ドン、と鈍い音とともに床へ叩きつけられる。体はぐしゃりと崩れ落ちた。


全身に痛みが燃え広がる。かろうじて顔を上げると、目の前にベッドが見えた。近いのに、遠い。動くたび激痛が走る。かろうじて動くのは右腕だけ。


「4分30秒。」


残った力をその腕に込め、体を少しずつ引きずる。一寸進むごとに勝利のようだった。


「4分40秒。」


悔しさと痛みで涙が溢れる。味方だったはずの体が、今は最大の敵だ。必死に動こうとするが、手足は応えない。


「4分50秒。」


ベッドまであと2メートル。しかし途方もない距離に感じる。右腕は震え、進みは止まりかけている。力はほとんど残っていない。絶望が押し寄せる。


「5。」


失敗した、と悟る。


「4。」


どれだけ心で叫んでも、体は動かない。


「3。」


秒針が死刑宣告のように刻まれる。


「2。」


ベッドは目の前なのに、届かない。


「1。」


最後の一秒が過ぎた。残酷な現実が確定する。俺は負けた。


失敗の重みが錨のようにのしかかる。力尽き、涙が床に落ちる。


足音が近づいてくる。聞き慣れた、あの規則正しい音。悪夢の始まりからずっと付きまとってきた足音。
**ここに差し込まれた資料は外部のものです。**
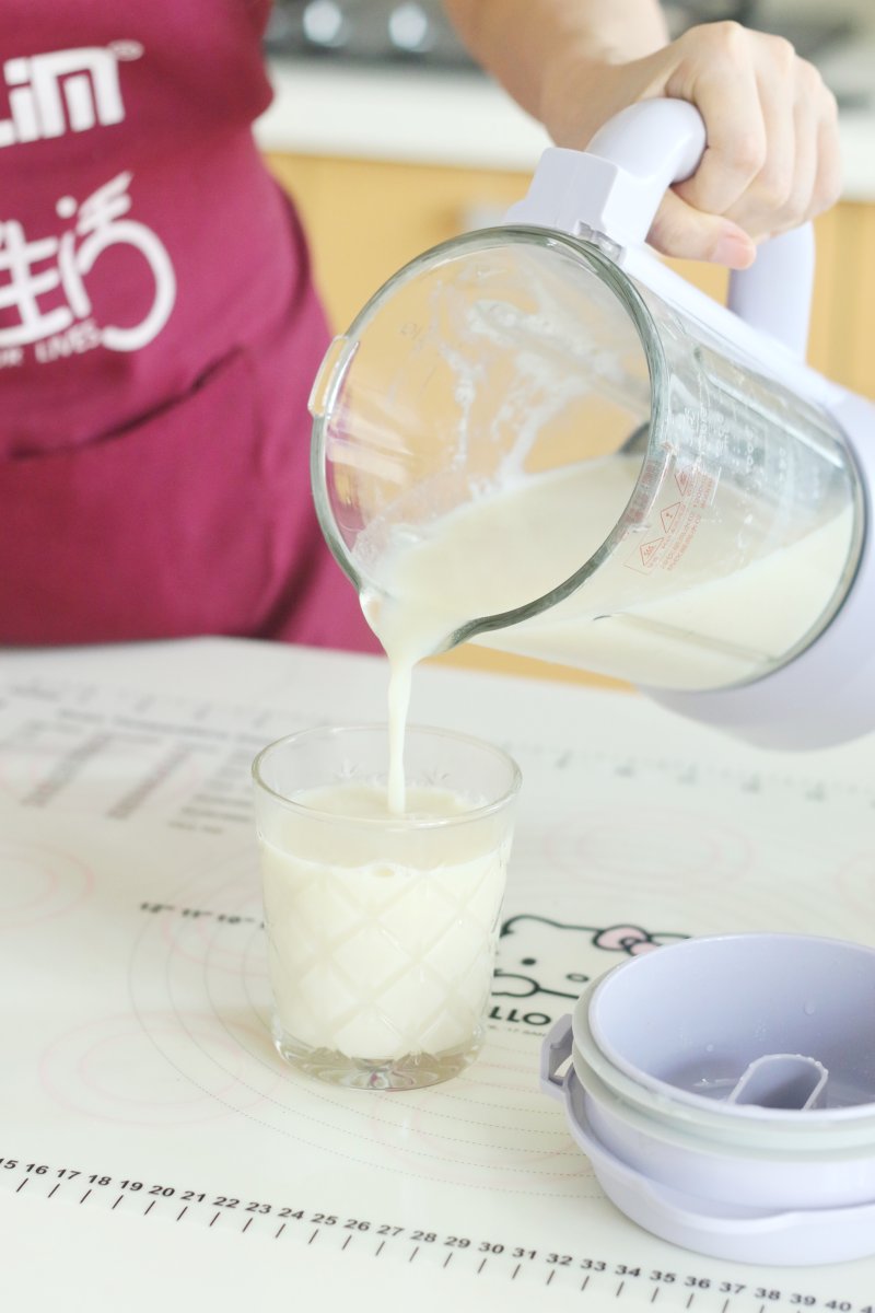 4:到豆浆机蜂鸣响后。过滤豆渣。
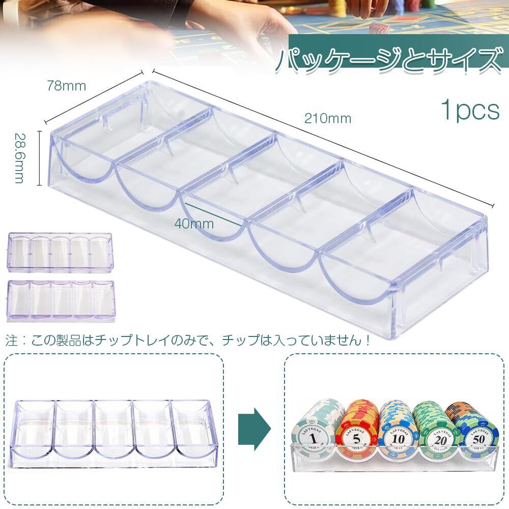 セット内容:収納チップオーガナイザー1本セット;収納箱サイズ:210*78*28.6 (mm);個別グリッドサイズ:約40mm;各箱は20*5=100チップを収納できます。注:この製品はチップトレイのみで、チップは入っていません!
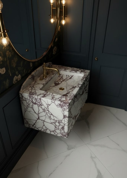 Elegant Floating Vanity Sink – Calacatta Viola Natural Marble Basin
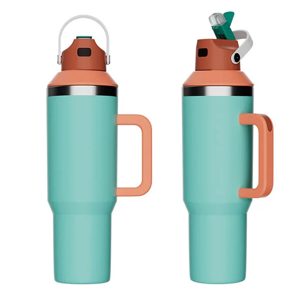 Stort handtag kan enkelt ta 40oz rostfritt stålvakuumisolerade tumlare upp.
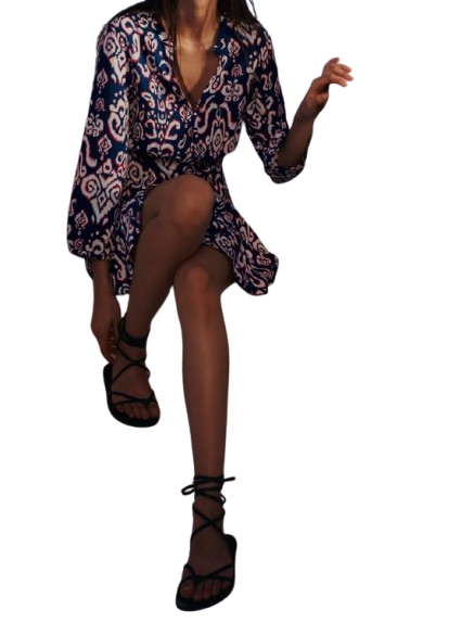 Abito blu corto con scollo a V 100% tessuto in poliestere per comodità e Look Chic a prezzi all'ingrosso
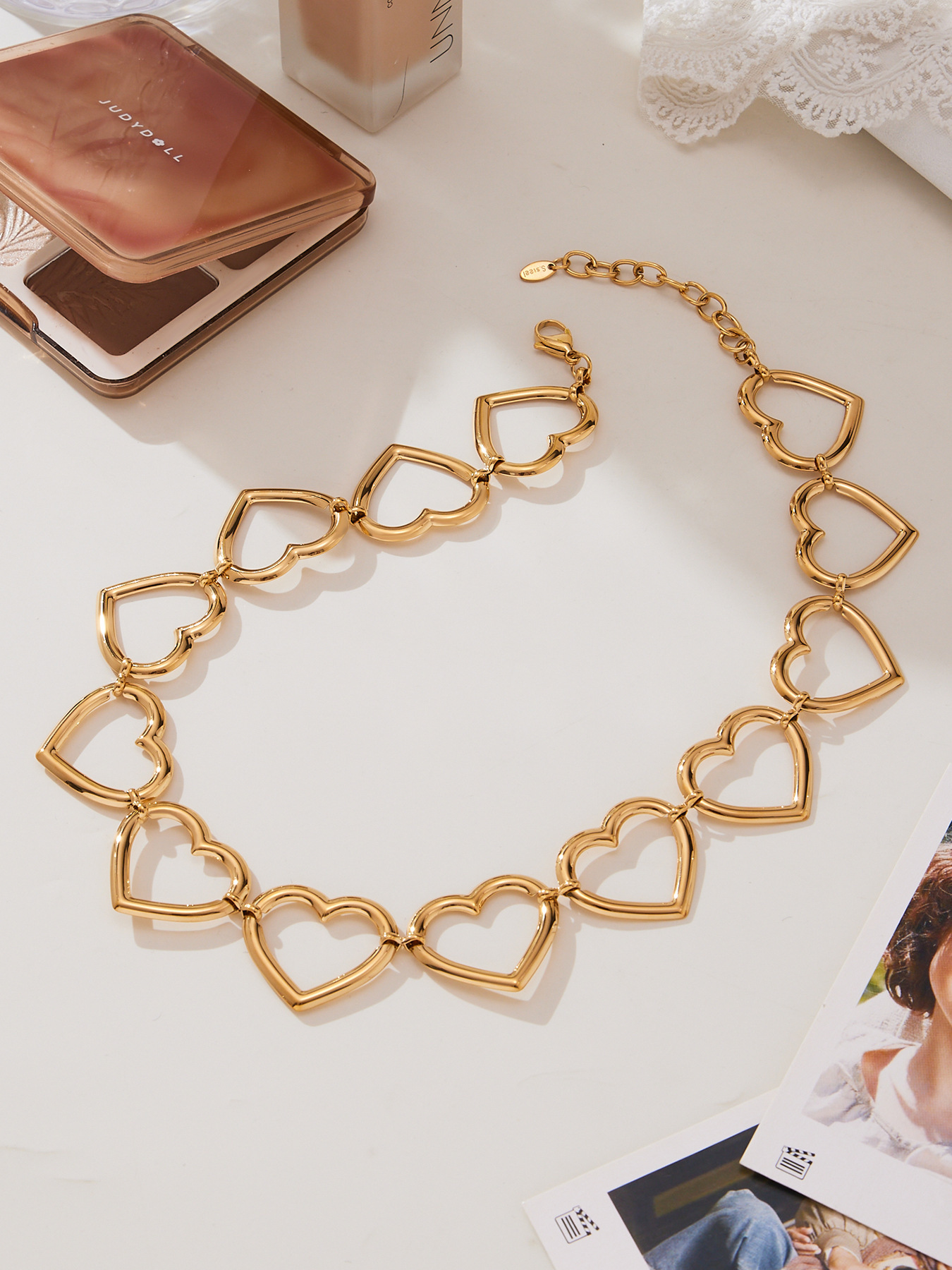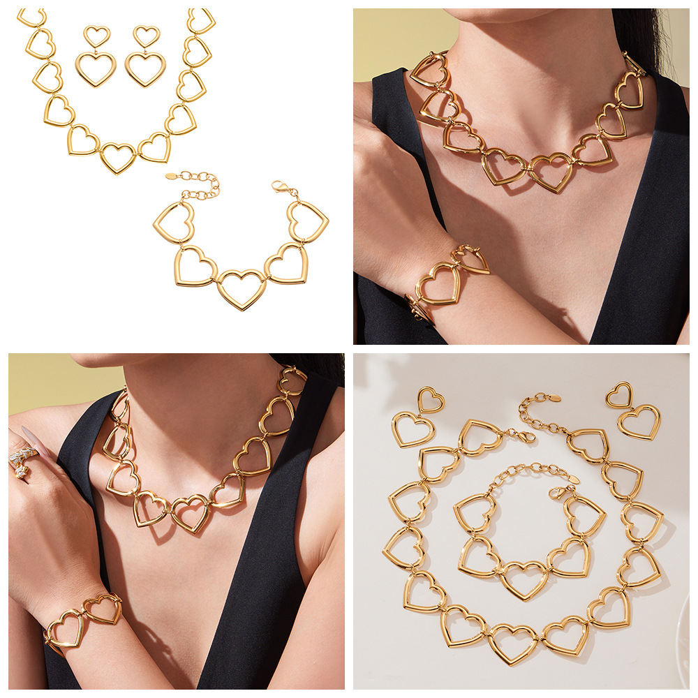 Fashionable Hollowed-Out Heart-Shape Patchwork Necklace
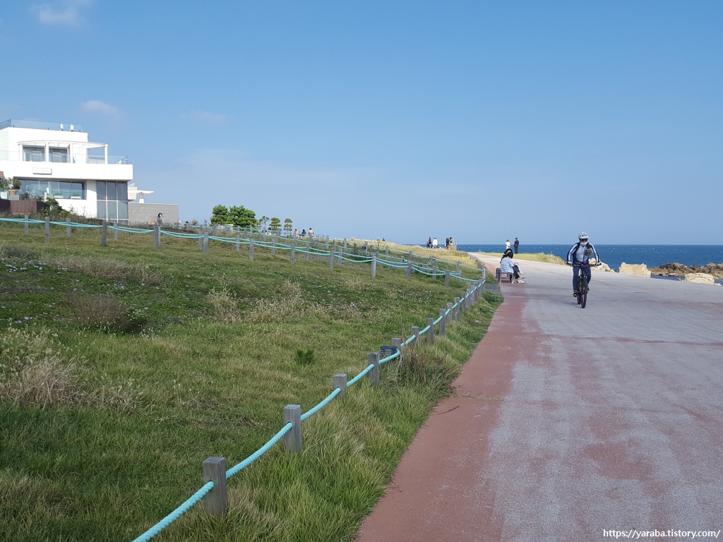 아무튼 호텔 앞의 바다, 바위, 풀밭이 어우러진 아름다운 산책을 지나면 야트막한 언덕을 넘으면서 길은 오랑대 공원으로 이어진다.

「ほらね。やっぱり私の助けが必要でしょう? 普通なら浴室から地下室まで1分よ。多めにあげたのに」


声は明るい。しかしそこには見下すような満足が滲んでいた。


「……」


「見てごらんなさい。前よりもっとボロボロじゃない。まあ仕方ないわね。私がちゃんと世話してあげる」


パシャ。


カメラの音が響く。見えなくても分かる。


写真は全部物語を語る……


きっとこの一枚は、俺が最後の抵抗の権利を失った瞬間を語るんだろう。


俺は動けないまま、彼女があの不気味な笑みを浮かべて近づいてくるのを感じていた。


圧し潰されるような現実の重さの中で、俺はただ、静かに運命を受け入れることしかできなかった。